When his mother returns that evening, Peter is so quiet that she thinks something is wrong, and asks him what has happened.

‘Nothing,’ he replies, ‘nothing at all.’ And technically it is no lie, for next to nothing has happened. The afternoon’s incident was probably the most tentative and inconsequential physical encounter that he has ever had with a woman, but its potential significance far outweighs the event itself. Perhaps she has been quiet and strange for these past few weeks because she has been working round to this: or perhaps she acted purely on impulse, because she was lonely and he was the only man available. Maybe at this very moment she was regretting what she had done, and would be too embarrassed to come to the cottage again. Or perhaps she would return and try to pretend that nothing at all had happened. He certainly never imagined that such a thing might develop. By that night, he has decided that he will let matters take their own course. It is up to Sarah now: it was she, after all, who made the first move.

During the succeeding week, he thinks about the incident less and less, and by Saturday has persuaded himself that she will not come to the cottage again.

But she does return, and she puts her arms around him again. She continues to visit the cottage every Saturday, so that by the new year a pattern has been well established. Peter knows that
he is quite passive in this whole affair, and that Sarah alone directs the relationship and sets its pace. They do just what she wants, and talk only on the limited topics of her choice. Yet so skilfully does she manipulate the situation that at times Peter feels she can control his will indirectly; as though without her telling him he knows what she wants him to do, and he dumbly complies. He sees suddenly that he has no dignity in this matter, and that this lack of dignity is all his own fault.

Peter feels that the whole thing could stop again as quickly as it started. He does not know why Sarah has made the friendship take this particular direction, any more than he did on that first day, when she gathered the holly. Once, she actually stopped at the door and said, ‘Peter, I want to tell you …’ But then there was a long pause, broken only when she hit the door jamb hard with her fist and said, ‘Nothing.’

Again he sees her lying on the sofa, holding that shell, and in his memory, Sarah says, ‘If only pain were like a shell or a stone. We could pick it up, but we could put it down too, we could cast it away. The hardest things are always the things you can’t touch or smell or see or hear. You begin to wonder then if this terrible thing is perhaps just imaginary.’

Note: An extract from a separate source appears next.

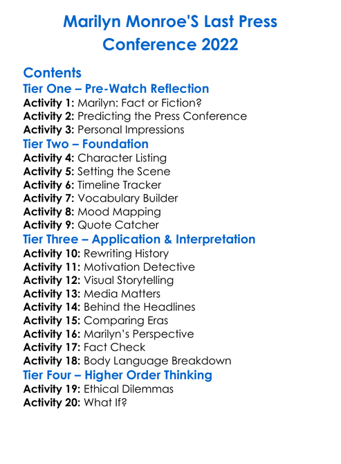 Marilyn Monroes Last Press Conference 2022 Worksheet Activity Booklet

She is quiet for some time, then thanks him again for the gift. He has no inkling of the nature of the pain she wishes to make tangible. Until then, he had not realized that she was so very unhappy.

He glances up, and sees that the children have discreetly begun to tidy away their books in anticipation of the bell. Peter replaces the fossil on the sill, and in the relief he feels at his hand’s sudden emptiness thinks how right Sarah was. If only all his loneliness and discontent could be instilled into a little thing which could be set down quietly on a shelf and abandoned for ever. But when he crosses the room, back to his position of authority at the teacher’s desk, all his worries go with him. Waiting for the bell, he realizes that he is every bit as anxious for it to ring as the children are, for it marks the start of the weekend. Tomorrow is Saturday, and Sarah will come to him.

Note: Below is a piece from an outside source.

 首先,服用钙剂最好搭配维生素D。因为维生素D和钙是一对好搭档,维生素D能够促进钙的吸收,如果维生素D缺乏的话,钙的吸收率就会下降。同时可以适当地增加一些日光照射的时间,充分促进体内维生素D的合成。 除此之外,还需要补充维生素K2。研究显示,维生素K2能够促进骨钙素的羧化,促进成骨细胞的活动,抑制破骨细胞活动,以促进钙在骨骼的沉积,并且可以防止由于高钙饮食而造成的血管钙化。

The dock hand moves to the quarter hour, and the electric bell
rings throughout the school with a loud, steely sound. The children explode out of the biology lab, and as Peter gathers together his own books, he sees that only one child remains. Fair-haired Katie gives him a sweet smile as she lingeringly replaces all her coloured pencils, one by one and side by side, in their flat tin box.

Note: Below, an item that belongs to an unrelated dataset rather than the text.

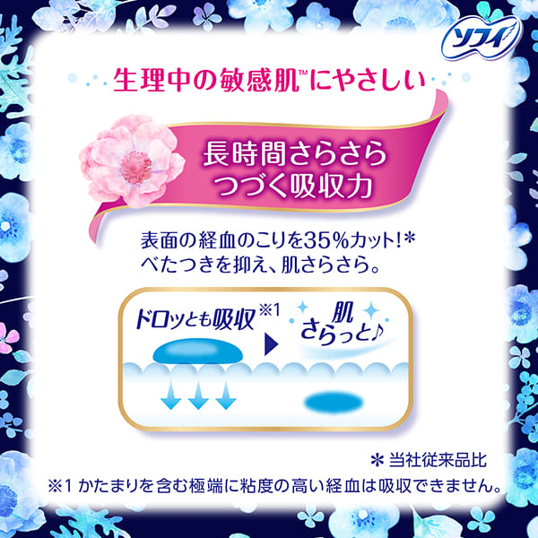 特に多い夜用・特に多い夜用 | 生理中の敏感肌にやさしい・長時間さらさらつづく吸収力 *当社従来品比 | ふんわりやさしい肌ざわり・ふんわりやさしい肌ざわり ・おしりを包み込み、モレをガード! *当社従来品比 |

On the morning after the funeral, James rose first from the bed, and as Jane lay there watching him dress, she hoped that in the coming days she would be able to hide the relief which she now felt. Jane was grateful for the quietness and privacy afforded in the house by the death of her husband’s father, and knew that James would be hurt to think that she greeted the death so gladly. She thought tenderly of how she would ease her husband through his loss.

Jane was astonished, therefore, when later that day she found the old man’s tobacco pouch and pipe under a cushion where he had tucked them away: when she took them in her hands she began to cry uncontrollably, so that it was James who had to comfort her. The early elation passed very quickly, and Jane felt a deep sense of loss. She had not realized how much she depended upon his company while she did household tasks around the kitchen, and James and Gerald were out working in the fields, had not realized until now, when it was too late and he was gone.

But she felt anger too, for she envied James his father’s death as much as she had envied him his life. He had had the comfort of living with his parents for over twenty years, and now he had had the further comfort of their deaths and burials.

‘Being Jane’ had always meant being on more than nodding terms with death: it had meant being familiar with it in a very particular way. All her life she had defined herself in terms of death, because she was the child of dead parents (and that had always seemed to hold the possibility of their being no parents at all). Reluctantly now, she had to admit that her knowledge of death was knowledge by default. She knew it only by its absence, while James knew it more intimately by its occasional intrusion into his life. His mother had died there in the
farmhouse when he was twenty. It was James who shot the wildfowl and gutted fish: Jane could not have killed an animal to save her own life. James often went to wakes around the countryside, and was familiar with the sight of dead people, but before the death of her father-in-law, Jane had never seen a dead person. Death had not been a presence, then, but a lack: lack of family, lack of love, lack of a real home. This had made her feel particularly conscious of life itself, and of how terrible it was always to have to live in that state of lack and need.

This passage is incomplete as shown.